Some holiday destinations are best reached by plane - but for your four-legged friend, such a journey is very strenuous. Many people, new smells, possible turbulence and the difficult pressure equalisation could take a lot out of him. Perhaps, for once, a holiday without a dog is an alternative? The regulations of many airlines are not ideal for many dog owners: dogs weighing more than seven kilos are not allowed to travel in hand luggage, but must make do with the cargo hold. The transport box for your four-legged friend must then comply with the following IATA (International Air Transport Association) guidelines:
- can be filled with water and food
- absorbent base (e.g. changing mat)
The box must be labelled with your contact details and the name of your pet. Any health certificates and the vaccination certificate (EU passport) should be attached to the box in a transparent film (e.g. freezer bag).
Our tip: Get your dog used to the transport box at an early stage so that he learns to lie in it for several hours. You will not be able to train your dog for loud noises and turbulence during the flight. Therefore, it is best to consult your vet on how to make the flight as stress-free as possible.
Dog on board: Ship ahoy!
If you want to spend your holiday with your dog on an island, for example, you will travel by ferry for part of your journey. Your dog can spend a short crossing on deck in the outdoor area, sniffing the fresh sea air and enjoying the Nordic wind in his fur. Alternatively, these are some of the options:
- Car: Your dog can also spend the crossing in the car. However, as you usually do not have access to the car deck during the crossing, this option is more suitable for short crossings.
- Cabin: For long journeys (e.g. overnight) it is best to book a cabin. There you can relax and enjoy the time overseas together.
- Inside deck: Here your dog can travel in a carrier next to your seat.

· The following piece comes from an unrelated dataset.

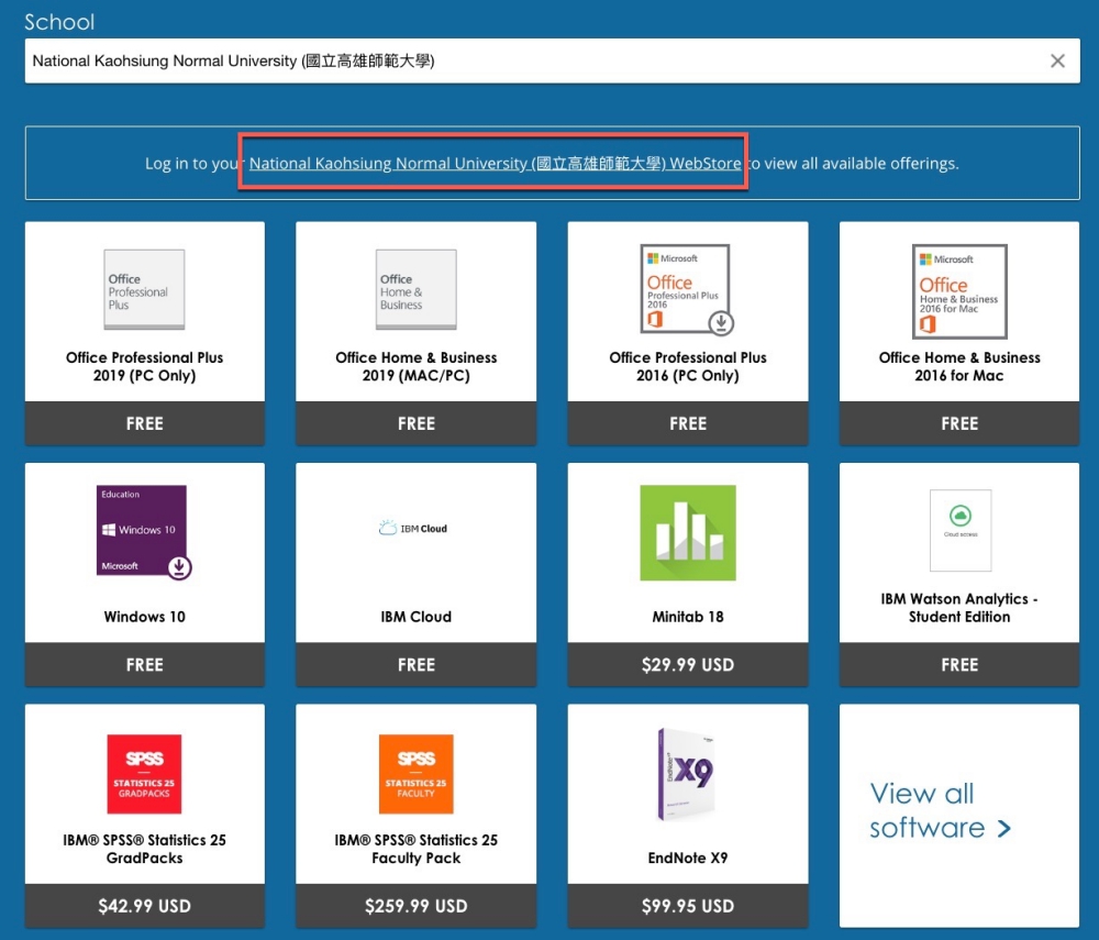 如果有搜到你的學校那就可以往下進行,搜到的同時在下方也會顯示有哪些項目是免費的,不過基本上 Office 跟 Windows 都一定是免費,再來請點擊 Log in to your 學校那一串。

Our 3 tips for a relaxed crossing:
- Safety: Your dog may be anxious or very excited and pull strongly on the leash. Calm him down, be by his side and secure him with a panic harness just in case. If you then wrap the leash tightly around your wrist or use a belly strap with a snap hook, you are perfectly secured.
- Seasickness: Your pet can also get seasick - and then your relaxation on deck is over, because no dog owner can bear to see his dog suffer. Therefore, before you travel, ask your vet what to do if your dog gets seasick.
- Walking the dog: Many ferries have a special "dog walking area" on deck (don't forget waste bags and wet wipes!). Please also note the general leash and muzzle requirement here!
Conclusion: As you can see, you can travel with your four-legged friend in different ways. While travelling by train is the best option for some, others find it most relaxing to travel in their own car. If you take your furry friend's character, fears and state of health into consideration when planning your trip, nothing will stand in the way of your holiday. How do you travel with your furry friend? We look forward to your road trip reports!